## WORK INSTRUCTIONS
From the records below, please print only the lines from the one containing "第2回 五ツ木の模擬テストのご案内 【中1・2年生】" through the one containing "Las toallas turcas", both included. Skip the pictures.

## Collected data
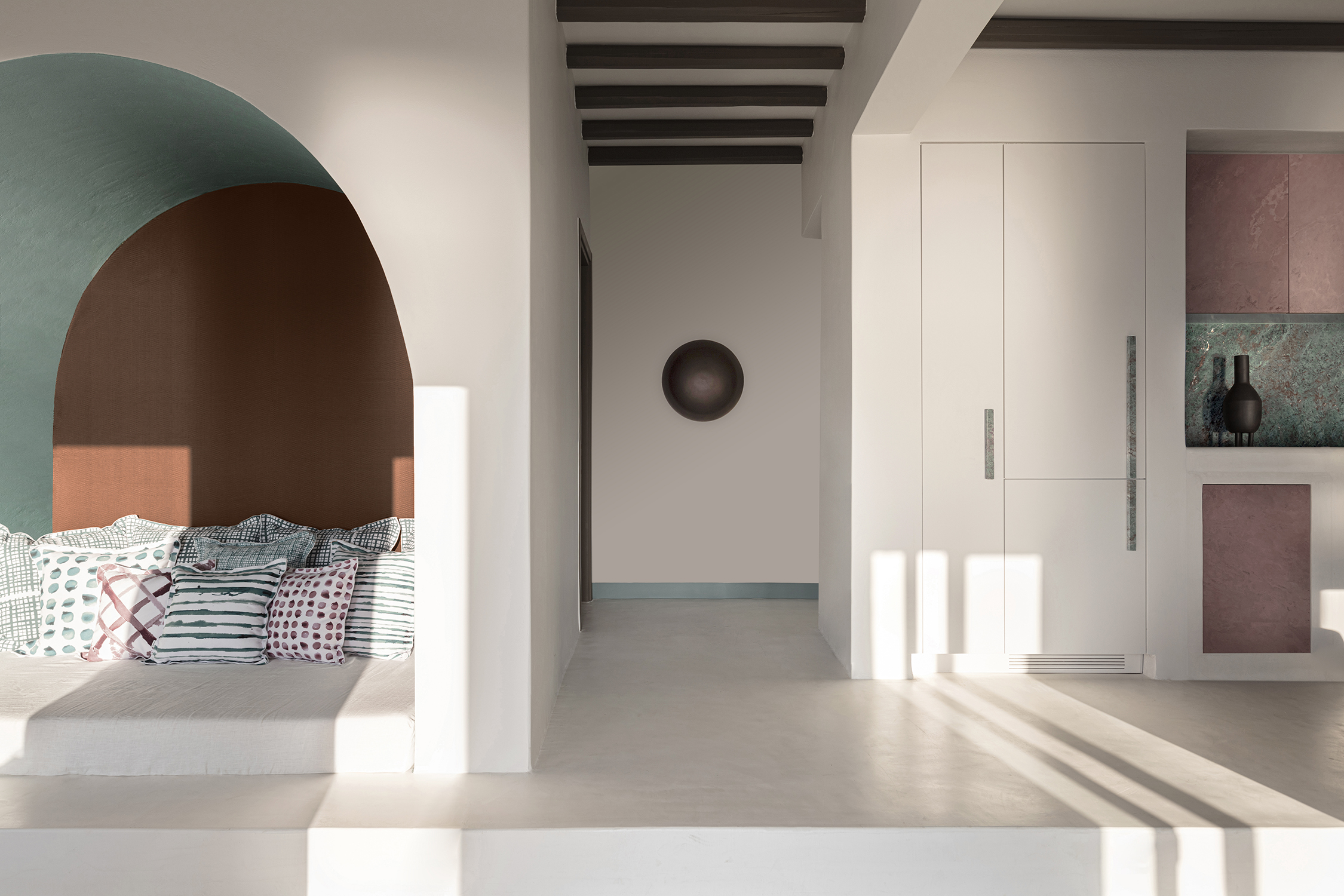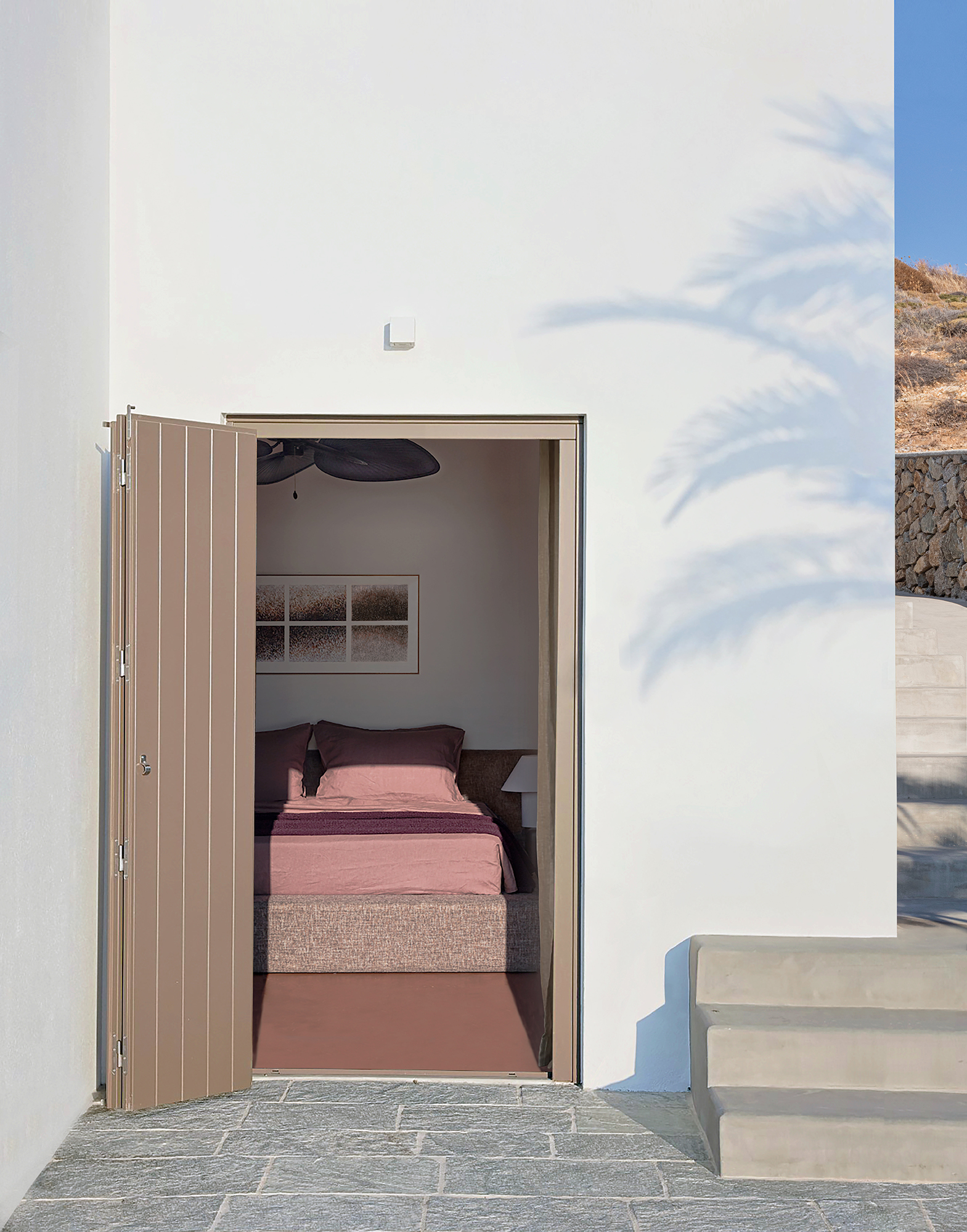 Δύο βήματα πριν από την παραλία του Αγίου Ιωάννη στην Σέριφο βρίσκεται το διμερές οίκισμα Seriphos Estate· απαρτιζόμενο από το Κέλυφος (άνω διαμέρισμα) και το Έδαφος (κάτω διαμέρισμα), αποτελεί προϊόν εκμοντερνισμού, (επανα)σύστασης και εν γένει έμπνευσης από την Κυκλαδίτικη αισθητική. Στον σχεδιασμό εισχωρούν, κατά πολλούς τρόπους και εντάσεις, ο χαρακτηριστικός Ελληνικός ορίζοντας μεταξύ ουρανού και θαλάσσης, το στοιχείο της ξηρής και τραχιάς γης, και κυρίως το λαμπερό καλοκαιρινό φως. Άλλωστε, δεν είναι τυχαίο το γεγονός ότι κοινός παρονομαστής όλων των ονομάτων (Κέλυφος, Έδαφος, Σέριφος) είναι η κατάληξη ‘-phos’, η οποία παραπέμπει, ηχητικά, στη λέξη “φως”. Η εισχώρηση των εν λόγω Κυκλαδίτικων στοιχείων γίνεται μέσω συγκεκριμένων υλικών (τσιμεντοκονία, ασβεστόχρωμα, λινό), επίπλων και χρωματικών παλετών αντίστοιχων των διαφορετικών σημειολογικών στοιχείων κάθε κατοικίας.
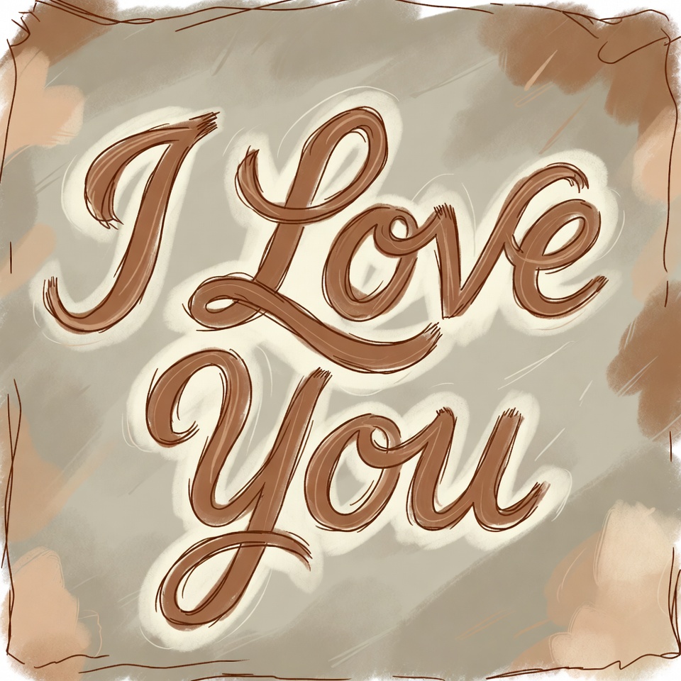 A hand-drawn illustration features the phrase 'I Love You' in elegant, flowing brown script letters. The text is centered on a textured beige background with subtle brush strokes and a rough border. The artistic style resembles watercolor or sketch art.
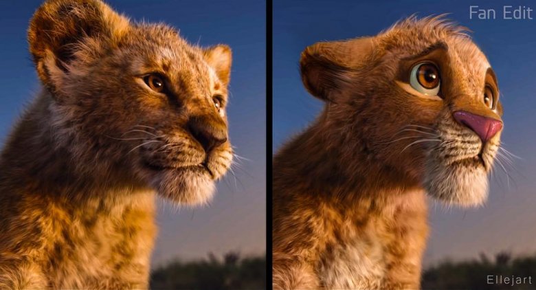 Originalmente dublado por Jonathan Taylor Thomas e Matthew Broderick, Simba foi dublado por Donald Glover no remake do diretor Jon Favreau – e ele parece diferente também. Acabaram-se os movimentos exagerados dos olhos, inclinações da cabeça, estremecimentos e sorrisos que Simba expressou na animação dos anos 90, e aqui está um leão que parece real o suficiente, mas não é tão emotivo. Mochkin devolveu a assinatura de Simba ao retrabalhar o design do personagem, adicionando as sobrancelhas viradas para baixo quando o jovem filhote de leão sabe que ele está com problemas e olhos arregalados quando olha para a vastidão do reinado, onde tudo que a luz toca é o seu reino para governar.
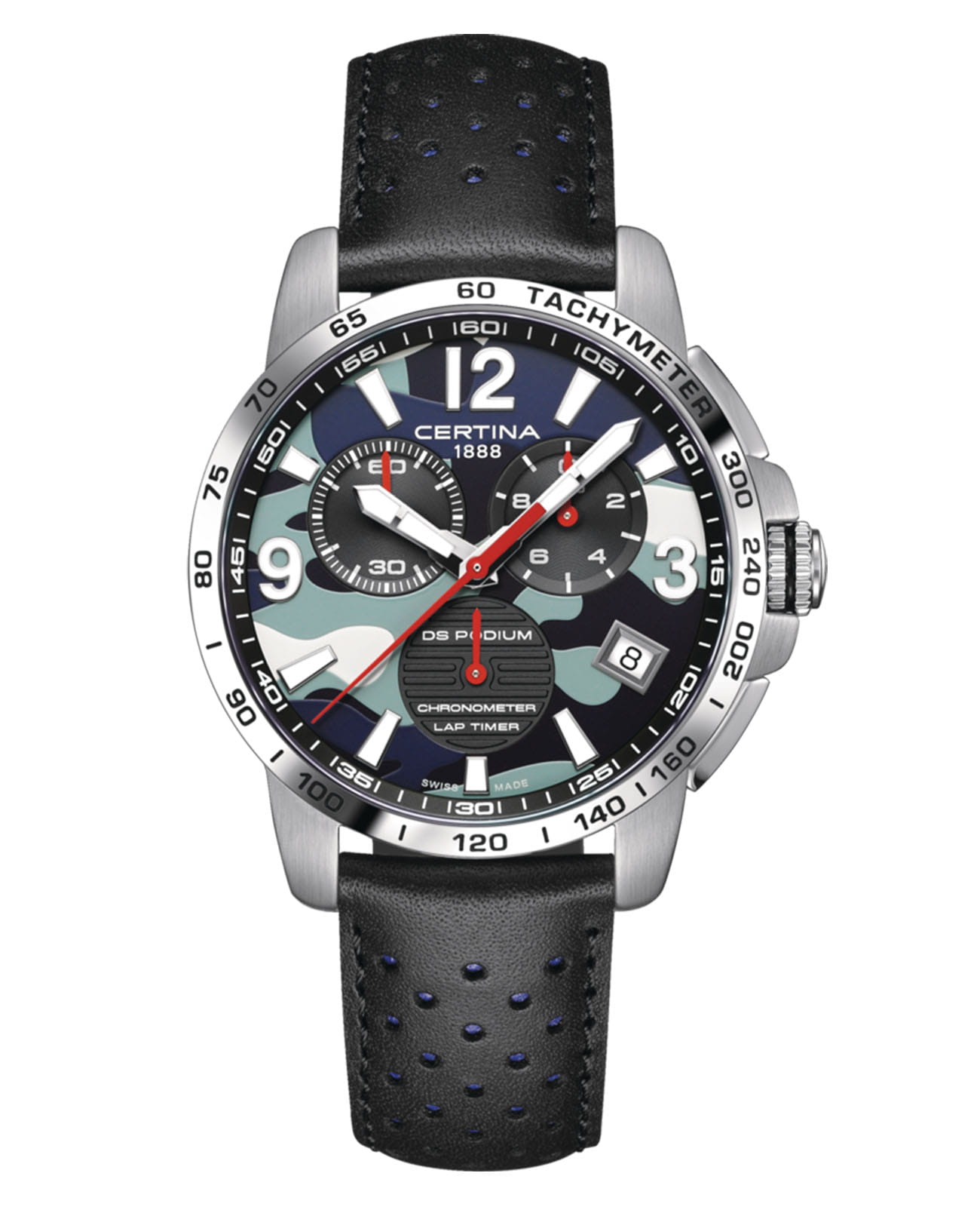 Наручные часы в спортивном стиле привлекают внимание красными деталями, что символизирует скоростное напряжение на гоночной трассе. Отличным дополнением стал кожаный ремешок с перфорацией из натурального материала. Кварцевый швейцарский механизм ETA G10.212 Precidrive™Precidrive™Инновационный кварцевый механизм Certina. Часы, оснащённые этим швейцарским калибром, приравниваются к точности к сертифицированным хронометрам, точность хода составляет +/-10 секунд в год. с повышенной точностью хода, подтверждённой сертификатом COSCСертификат COSCОфициальный сертификат, подтверждающий то, что часы ходят с особо высокой точностью. Для получения документа часы подвергаются тестовым испытаниям, разработанным швейцарским институтом тестирования хронометров COSC. Допустимая норма для механических часов -4/+6 секунд в день, для кварцевых моделей +/- 0,07 секунд в день.. Система DS ConceptDS ConceptDouble Security Concept, обозначает двойную надёжность и безупречную точность часов Certina. Двойная система защиты подразумевает обеспечение максимальной устойчивости к ударам и высоких показателей водонепроницаемости.. Двухстороннее антибликовое покрытие для стекла из сапфира. Стрелки и индексы с составом SuperLumiNovaЛюминесцентное покрытиеПозволяет считывать показания времени в темноте. Производители наносят на стрелки, часовые индексы, безель или поверхность циферблата светонакопительный состав, дающий холодное свечение.. Заводная головка с защитой. ХронографХронографФункция позволяет измерять отрезки времени с особой точностью: часы, минуты, секунды. Верным признаком хронографа является наличие на циферблате 3 дополнительных окошек-счётчиков., шкала тахиметраТахиметрРазмеченная шкала, располагается на ободке или безеле часов. Тахиметр позволяет рассчитать скорость на определённом участке пути, расстояние измеряется в километрах или милях., календарь, секундомер, индикатор EOLEOLПредставляет собой систему, уведомляющую владельца часов о необходимости замены элемента питания. За 2 недели до полного разряда батарейки секундная стрелка перестаёт ходить чётко и начинает перепрыгивать на 3-4 деления., Lap-функция измерения промежуточного времени (круга). Диаметр корпуса: 42 мм.
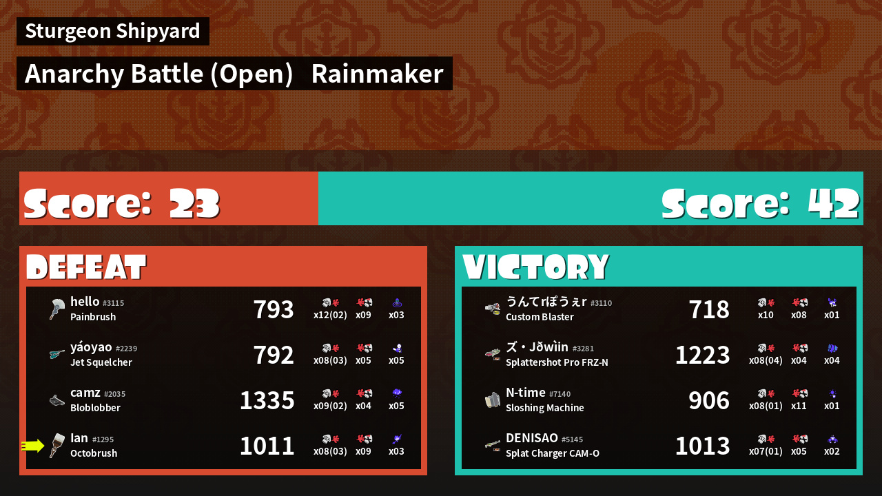 | Mode | Rainmaker - Anarchy Battle (Open) | ||
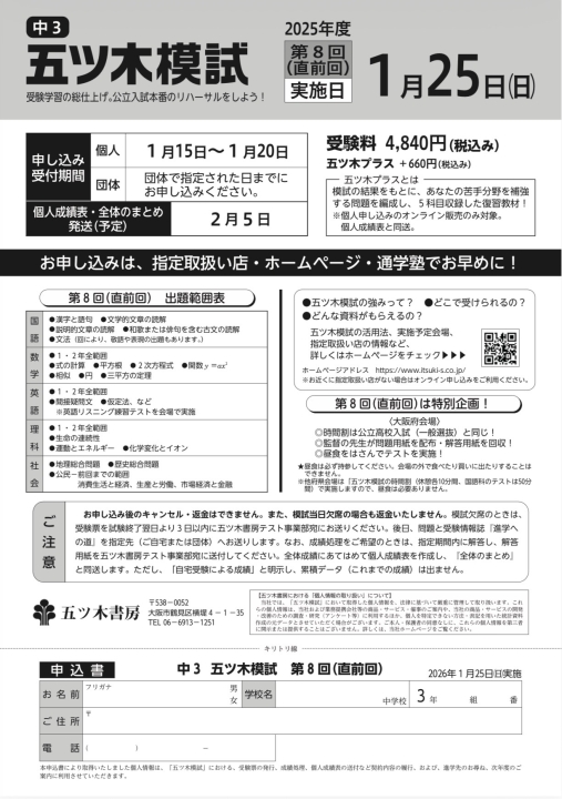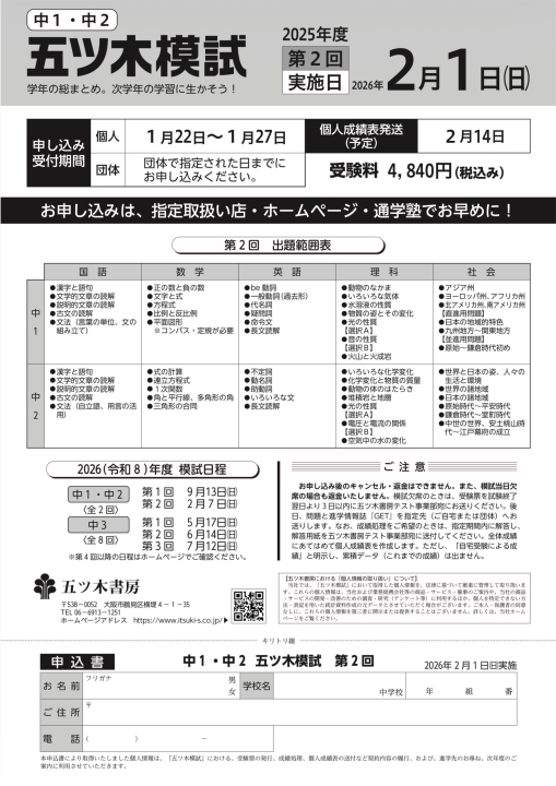 第2回 五ツ木の模擬テストのご案内 【中1・2年生】
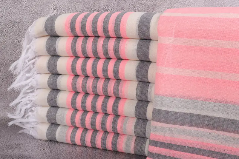Las toallas turcas están fabricadas con algodón turco ecológico de primera calidad, lo que garantiza su textura suave y alta absorbencia. Dando como resultado un producto que se vuelve progresivamente más suave con cada lavado, estas toallas son ideales para múltiples usos. Caracterizados por unas dimensiones de 40x67 pulgadas o 100x170 centímetros, pesan aproximadamente 175 gramos y presentan tolerancias de tejido a mano de hasta 2 pulgadas o 5 centímetros.
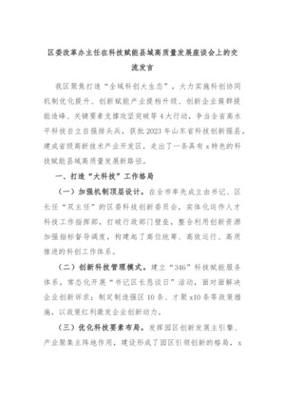 【七哥公文】2024年:区委改革办主任在科技赋能县域高质量发展座谈会上的交流发言+更多免费公文+VX:QiGeGongWen2024
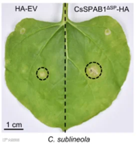 从LUC成像实验结果可以明显看出:与空载对照相比,CsSPAB1ΔSP能够显著激活SbBsr-d1启动子,从而导致LUC表达水平显著提高。这是一个CsSPAB1ΔSP(ΔSP表示信号肽被删除的CsSPAB1)与SbBsr-d1启动子相互作用实验,SbBsr-d1是高粱(Sorghum bicolor)中Bsr-d1基因的同源基因。实验中,SbBsr-d1启动子与LUC报告基因融合,形成报告构建物(SbBsr-d1:LUC)。当这个报告构建物与CsSPAB1ΔSP共转化到烟草叶片中时,CsSPAB1ΔSP能够显著激活SbBsr-d1启动子,导致LUC表达水平显著提高。
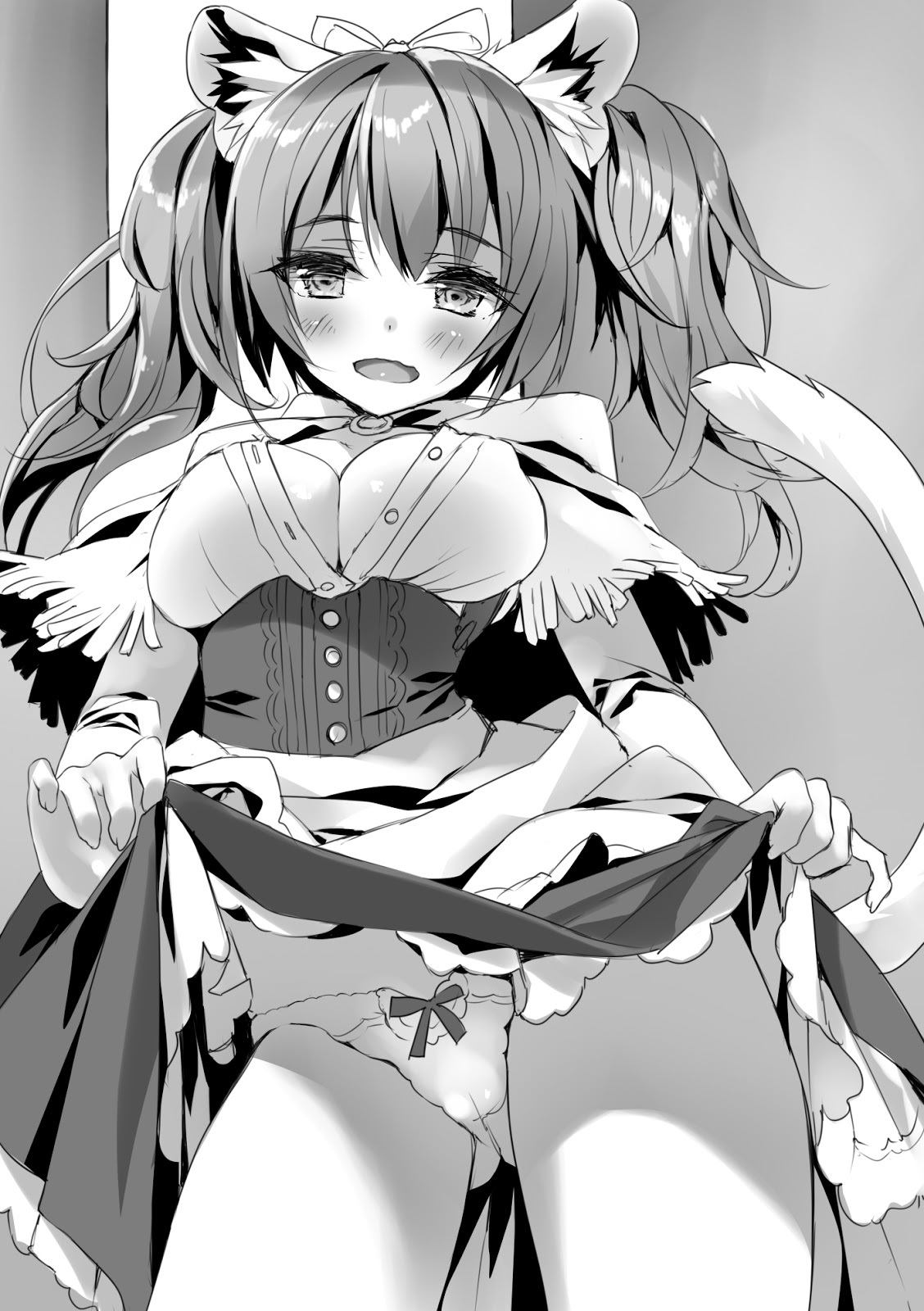 Diablo terkejut. Di bawah jubahnya ada pakaian yang terlepas dari kemurniannya sebelumnya. Itu adalah pakaian sensual yang sangat memperlihatkan belahan dadanya. Dia menatapnya dengan mata lembab, lidah merah mudanya menjilat bibirnya yang pucat. Dia menarik roknya dengan tangannya, memperlihatkan sepasang celana ungu.

## ANSWER TO THIS TASK
 第2回 五ツ木の模擬テストのご案内 【中1・2年生】
Las toallas turcas están fabricadas con algodón turco ecológico de primera calidad, lo que garantiza su textura suave y alta absorbencia. Dando como resultado un producto que se vuelve progresivamente más suave con cada lavado, estas toallas son ideales para múltiples usos. Caracterizados por unas dimensiones de 40x67 pulgadas o 100x170 centímetros, pesan aproximadamente 175 gramos y presentan tolerancias de tejido a mano de hasta 2 pulgadas o 5 centímetros.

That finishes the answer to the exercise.